In short, this book is an important source of reference for anyone interested in the cultural history of cocaine in the nineteenth century. It is rigorous in its examination of sources, including periodical and medical literature.
Monika Smialkowska, Shakespeare’s Tercentenary: Staging Nations and Performing Identities in 1916. (Cambridge University Press, 2024).
Institutional affiliation: University of Northumbria
Smialkowska is to be commended on their depth and breadth of scholarship; this is an innovative study, examining the ‘global celebrations/commemorations’ of Shakespeare’s Tercentenary in 1916, with a particular focus on Germany, Britian and her allies and America, including American racial and ethnic minorities, investigating “the socio-political implications of commemorating Shakespeare in that momentous year” (3). This is a significant thesis, which has application beyond scholarship in Shakespeare, as it raises issues surrounding a writer’s cultural capital, the use of cultural heritage, appropriations and reappropriations and collective memory as a social construct. By examining Shakespearean commemoration, Smialkowska illustrates how Shakespeare was deployed as a way of engaging with current affairs and “has been adapted to serve an astonishing range of purposes, sometimes diametrically opposed to one another” (289). The thesis is grounded in precision and research, illuminating wider historical and cultural contexts, which will undoubtedly be of interest to those outside of literary studies.
In short, this is a very authoritative and useful volume – something that literary scholars considering references to Shakespeare in early 20thc literature are likely to consult. The research is rigorous, and the book is well presented with a coherent argument that resituates our understanding of commemorations of Shakespeare – across a range of diverse communities and settings. As a historical account, it is fascinating and of interest to the wider discipline.
Harriet Soper, The Life Course in Old English Poetry (Cambridge University Press, 2024).
Institutional affiliation: University of Bristol
This is an excellent book which shows how Old English Poetry directs the gaze to the fluid and contingent nature of the life course. While concerned with the formal and rhetorical qualities of old English verse, it focusses on points of transition and transformation across the life course. Grounded in the Old English canon, it moves deftly across areas of social and cultural history and draws intelligently on appropriate theory along the way. Indeed, in its application of contemporary theoretical frameworks (e.g. sociological notions of the life course; trauma studies) to Old English verse, the monograph is entirely original.
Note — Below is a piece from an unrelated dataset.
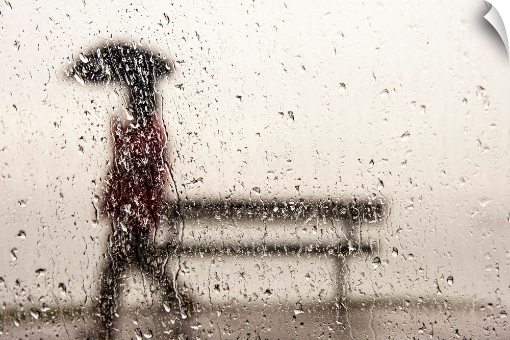 <p>A man walking with an umbrella against a rain streaked window.</p>

As the first book-length study of the whole of the life course in Old English verse, it will certainly be significant to specialists, though its reach is very likely to be more extensive given its literary-critical approach and theoretical concerns. In terms of rigour, it builds on previous scholarship, producing new readings through analysis of intertexts/parallel texts, bringing to bear new frames of reference to the considerable corpus of works analysed. The author communicates with ease and authority, and many of her interpretations of subtle and complicated literary texts are compelling. The main text is followed by extensive notes and a large bibliography of primary and secondary sources.
In short, this excellent book, written in a scholarly yet accessible manner, is at once full of learning and a pleasure to read.